Sarah Fuller : clinique onirique
par Claire Moeder
photos : Sarah Fuller & Galerie les Territoires
En étroite connivence avec un laboratoire de recherche médicale sur le rêve, l’artiste Sarah Fuller a élaboré le projet artistique Dream Lab. Intriguée par les possibilités qui s’ouvrent lors de rêves ou d’états seconds, l’artiste manipule son cycle de sommeil afin de toucher à l’instant fragile qui se situe à la frontière du subconscient.
Dream Lab s’appuie sur un protocole scientifique conduit sous l’observation minutieuse du Dream and Nightmare Laboratory de l’hôpital du Sacré-Cœur de Montréal. Durant plusieurs jours, Sarah Fuller s’est pliée au jeu du sommeil contrôlé. Plongée dans un état de somnolence, l’artiste était systématiquement éveillée lorsqu’elle atteignait le niveau subconscient du rêve, grâce au flash de son appareil photographique déclenché par les chercheurs. La photographie prise dans ce bref instant permet de se tenir au plus près cette phase interstitielle entre rêve et conscience.
La Galerie Les territoires présente à rebours le processus minutieusement suivi par Sarah Fuller. La première salle dévoile l’issue de l’expérience en découvrant sur les murs cinq clichés photographiques. Une série de quatre clichés similaires décline une séquence où l’artiste réapparaît systématiquement dans la même posture. Sarah Fuller se tient assise face à l’objectif, dans un cadrage serré qui laisse percevoir partiellement une porte et une table. L’artiste y pose en sujet d’observation médicale, son visage recouvert de capteurs enregistrant différentes activités dont celles de son cerveau et de ses paupières. Elle a également introduit une variante à chaque nouvelle séquence photographique en déclinant des vêtements et objets toujours différents : une camera obscura, un accessoire d’escalade placé entre ses mains ou encore une paire de lunettes de plongée posée sur ses yeux clos.
La série photographique de l’exposition poursuit une esthétique clinique, proche de la photographie conceptuelle et de sa quête d’objectivité dans la prise de vue. Les efforts de cadrage ou encore de déclenchement systématique sont issus d’un protocole à la fois strict et hybride, mêlant contraintes artistiques et scientifiques. Si l’esthétique minimale caractérise les tirages de Sarah Fuller, les œuvres qui complètent l’exposition apportent une autre dominante, sensiblement documentaire. Celle-ci est visible notamment par la présence d’un oscillogramme médical. Le document reproduit la courbe de l’activité EEG de l’artiste durant ses phases de sommeil et d’éveil.

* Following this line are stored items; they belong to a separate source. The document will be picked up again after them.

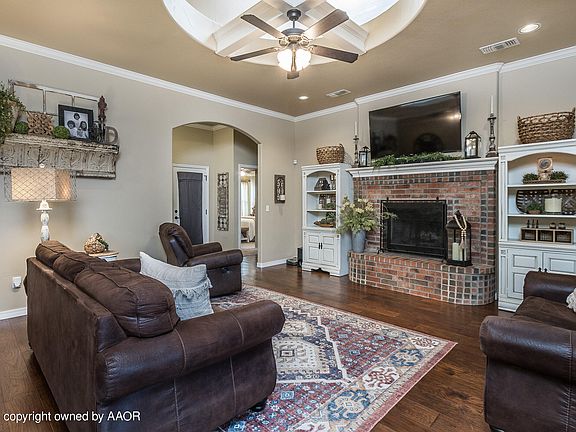 Incredible detail in this Hillside Terrace beauty! Open floor plan with kitchen looking onto den with gorgeous fireplace and incredible skylight with wood detail that is art! Spacious kitchen with island, granite countertops, stainless appliances and large breakfast area. Master suite has large walk in closet and inviting bath with jetted tub and walk in shower. Built in desk/office. Den looks out onto outdoor living. Beautiful landscaping.
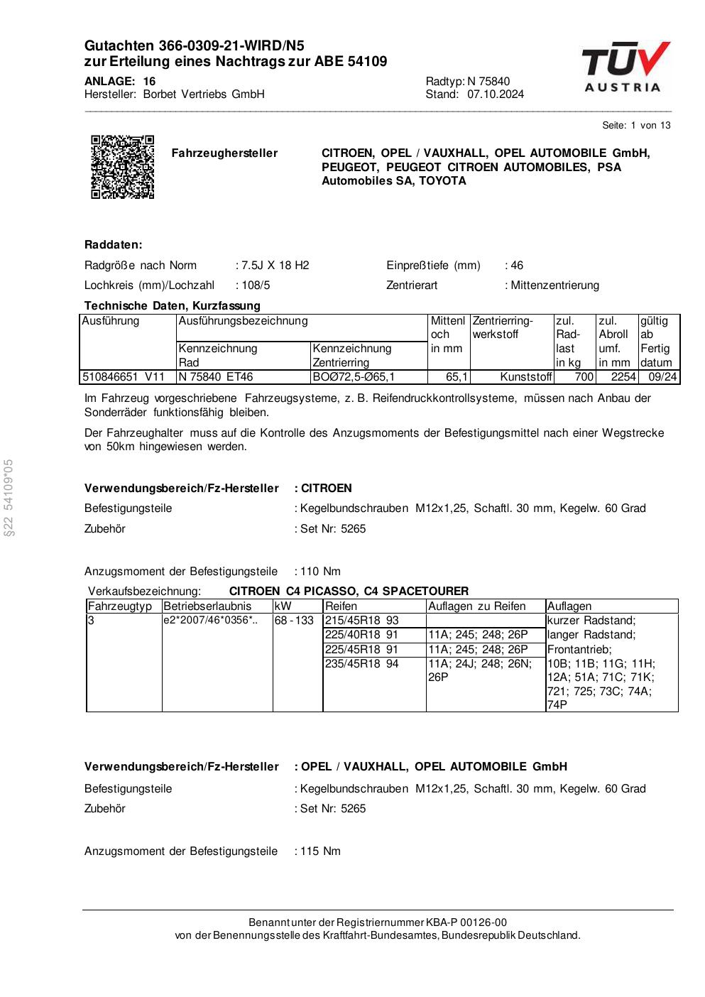 Dieses Gutachten (abe) bezieht sich auf die Alufelge Borbet N 75840 in der Ausführung 7.5Jx18 ET 0, Mittenloch 0 mm (KBA 54109). Im PDF findest du typischerweise zulässige Reifengrößen, Auflagen/Anbauhinweise und – je nach Dokument – Hinweise zur Eintragung.
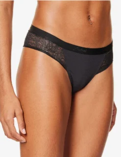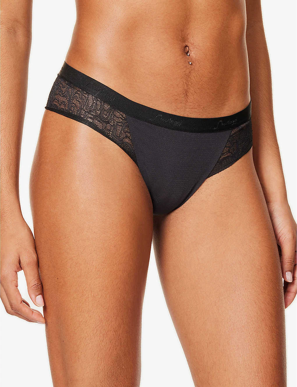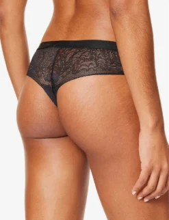 - Mid-rise, branded elasticated waistband, all-over semi-sheer lace, contrast panel at back and gusset, lined gusset, low coverage at back
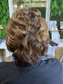 直毛のお客様で仕事中に髪が邪魔という事でカールを効かして全てリバースに細かく巻きました。手ぐしで乾かしてこれくらいなので、濡れるともう少し出るはずです。
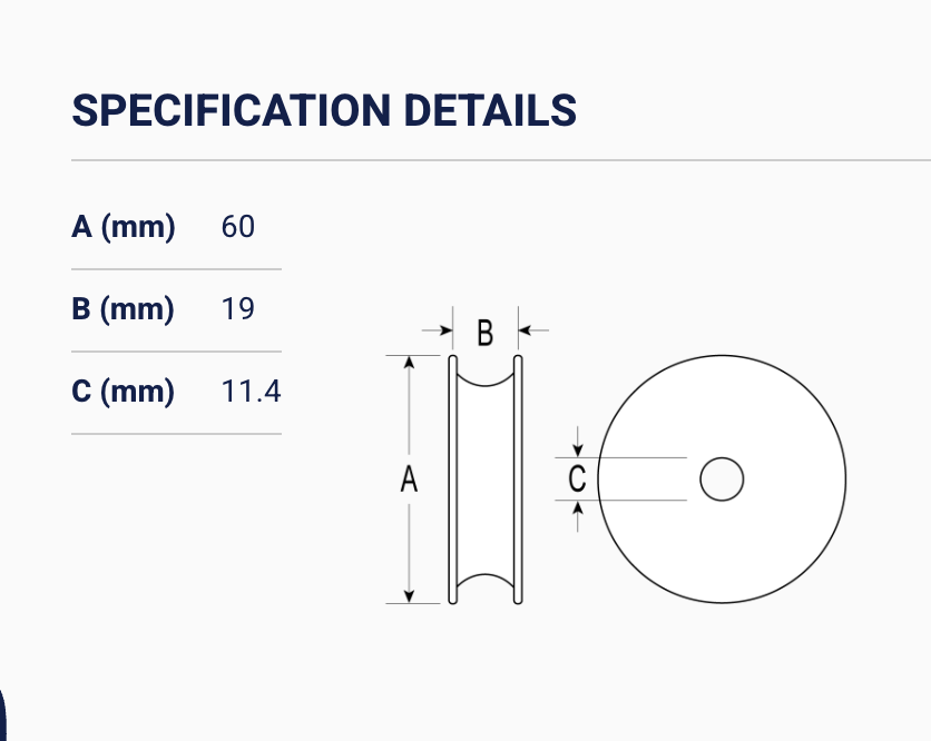 Ronstan 59mm Acetal Sheave, 19mm Width RF437
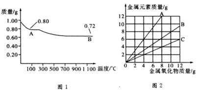 銅有兩種常見(jiàn)的氧化物CuO和Cu2O。某學(xué)習(xí)小組取0.98g(用精密天平測(cè)量)Cu(OH)2固體加熱,有銅的氧化物生成,其質(zhì)量隨溫度變化如圖1所示:另外,某同學(xué)繪制了三條表示金屬氧化物與其所含金屬元素的質(zhì)量的關(guān)系曲線,如圖2所示。則下列分析正確的是( )![]()
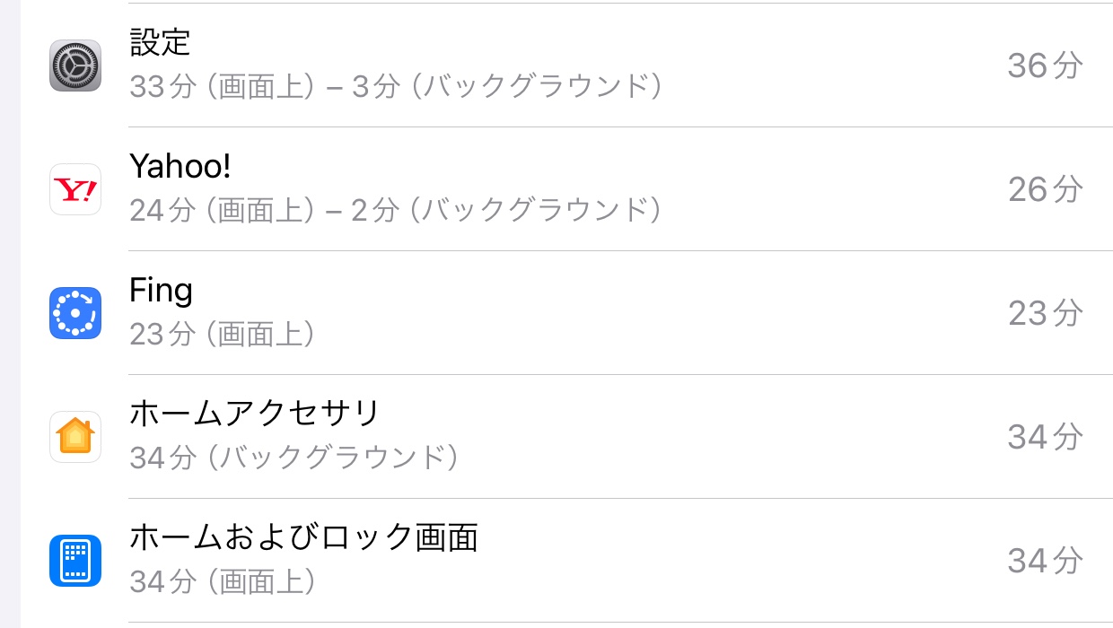 iPadを7時間使用でそのホームアクセサリのアプリは34分使用となっていて、
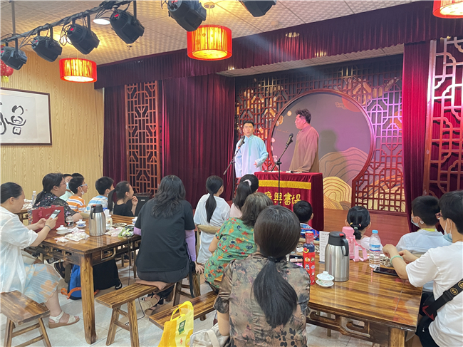 一方面走出去,另一方面,广兴书场开展亲子曲艺体验,传统文化研学、曲艺研学等项目,作为研学游的一站,让不同学校的孩子们直接来到这里体验山东曲艺文化。
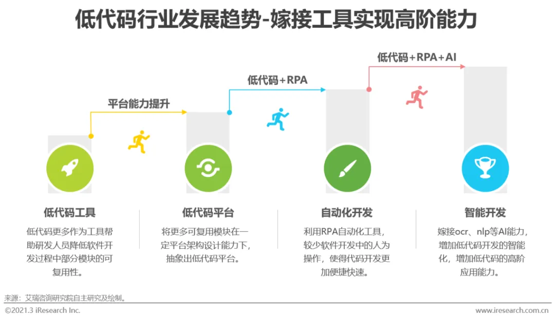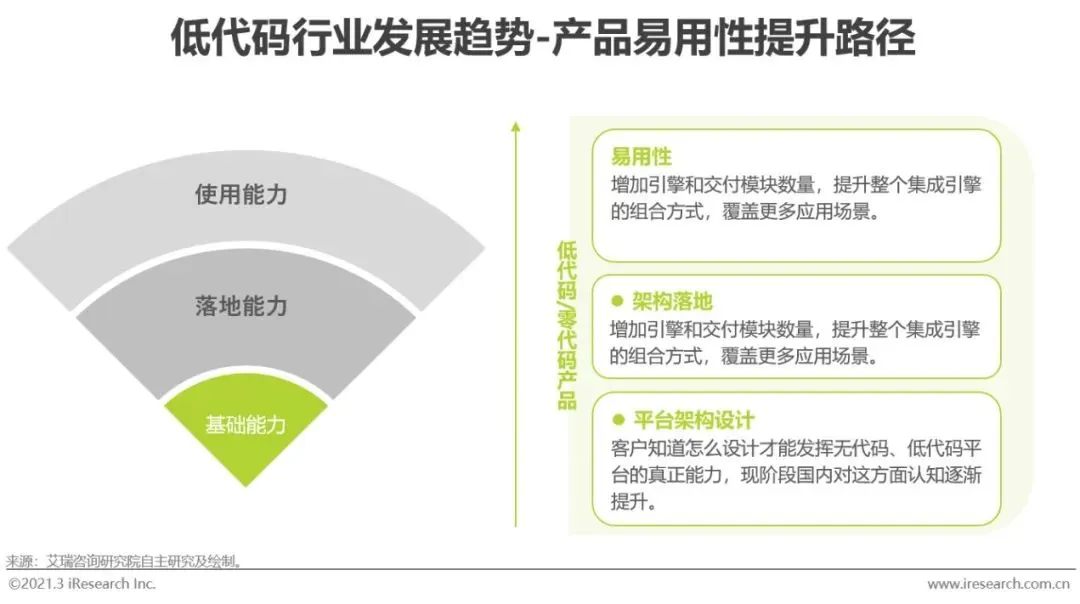低代码平台是在各种组件和模块实现无代码化的基础上发展起来的,早期是数据库管理、报表管理等单点能力突破。随着产品架构的设计能力和落地能力提升,低代码由组件的无代码化向平台形式转变。未来随着引擎种类和交付模块数量的增加,低代码平台将会覆盖更多应用场景,实现更大范围的业务价值。除了集成性以外,产品的自定义能力也将是低代码厂商未来重点关注的方向,在众多个性化和细分行业应用场景中,产品的灵活度和可拓展性是客户主要考虑因素之一。因此,低代码厂商将更加关注低代码平台的完整度和自定义能力,提升低代码产品的易用性和灵活度。
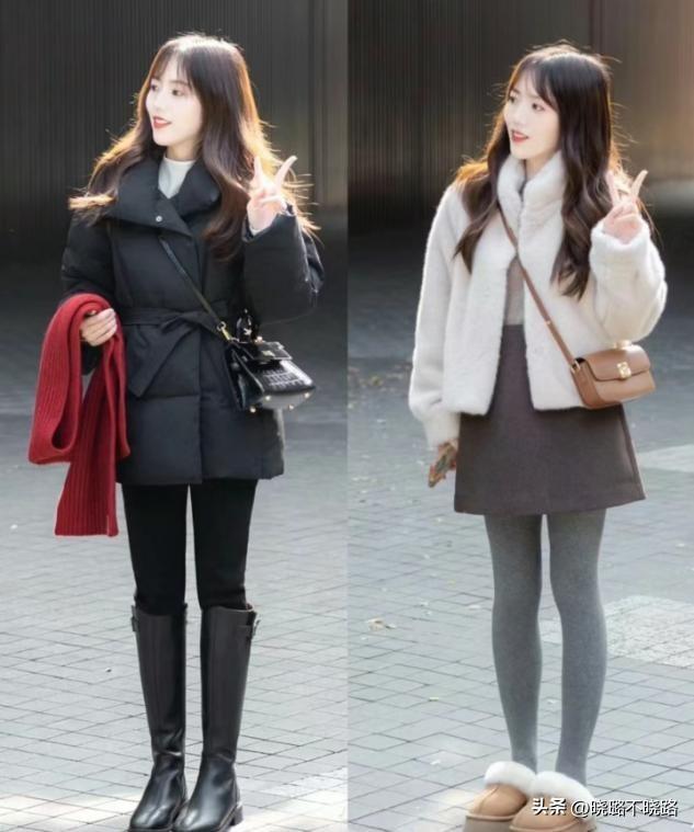 小個子女生如果身高不超過160 cm,冬季穿羽絨服或者棉服,長度設計都儘量過腰不過臀,這樣在視覺上可以藉助高腰款式的無痕褲配短襪,更好的去拉扯腿長在視覺上的佔比,穿短靴或者厚底鞋,身材比例纔會不喫虧。
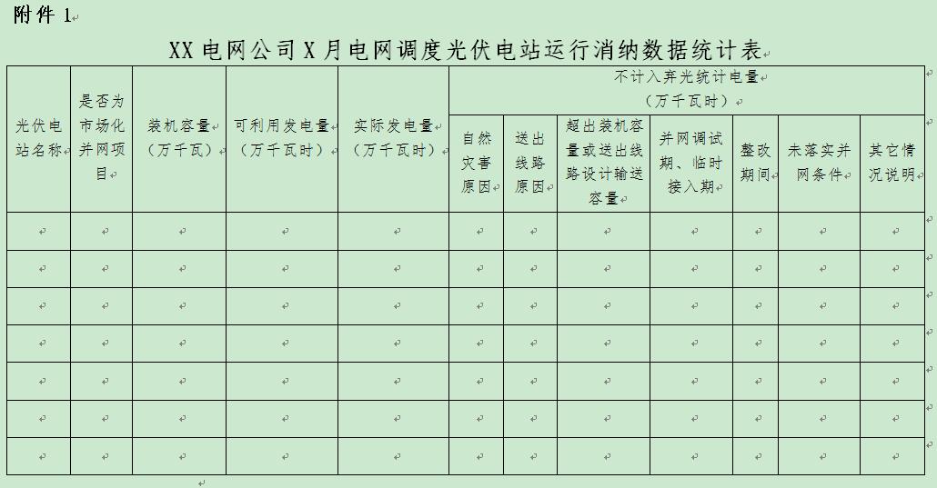 附件:1.XX電網(wǎng)公司X月電網(wǎng)調(diào)度光伏電站運(yùn)行消納數(shù)據(jù)統(tǒng)計(jì)表
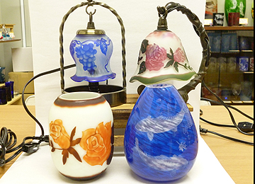 82- ガラスアートゆめ工房出店ジャンル:ガラス雑貨系 新潟市 サンドブラスト技法で江戸切子用のグラス、2層、3層、4層のスタンドランプ、花瓶にオンリーワンの彫刻をしています。 |
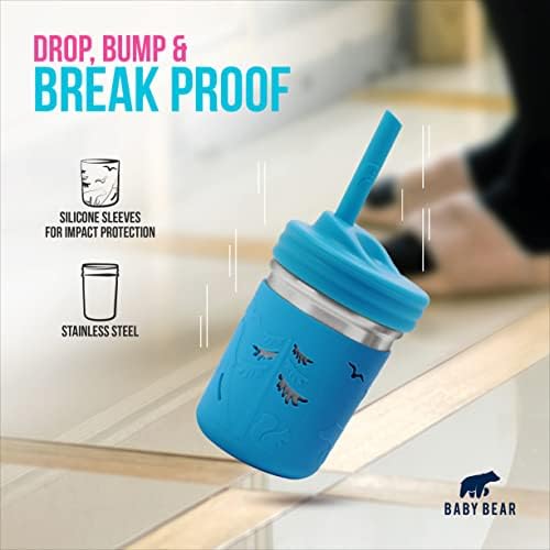 Baby Bear Products Kids Cups – Set of 4, 250ml Stainless Steel Mason Jar with Silicone Sleeves and Straws with Stoppers | Smoothie Cups | Toddler Sippy Cups
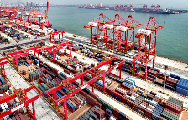 초대형 운반선 정박이 가능한 산둥성 르자오항에 선적을 기다리는 컨테이너가 쌓여 있다. [AP = 연합뉴스]

L’exposition est complétée de deux vidéos ; la première suit la préparation du sujet avant l’expérience du sommeil contrôlé tandis que la deuxième filme tout le déroulement. On y découvre un plan fixe du sujet plongé dans le noir, oscillant entre les phases de sommeil et d’éveil où il évoque à voix haute les rêves qu’il vient de faire. Traitées à la manière de documents d’observation, ces vidéos mettent en scène avec simplicité cette part de performance qui marque également ce projet.
La collaboration étroite entre Sarah Fuller et le laboratoire teinte Dream Lab d’une esthétique clinique qui se veut résolument objective et minimaliste. Par le biais d’un rituel qui touche tout autant aux domaines de la science que de l’intime, Sarah Fuller mène son travail vers cette intrigue universelle qui entoure le rêve, ses zones imperceptibles et ses possibles passages vers la conscience.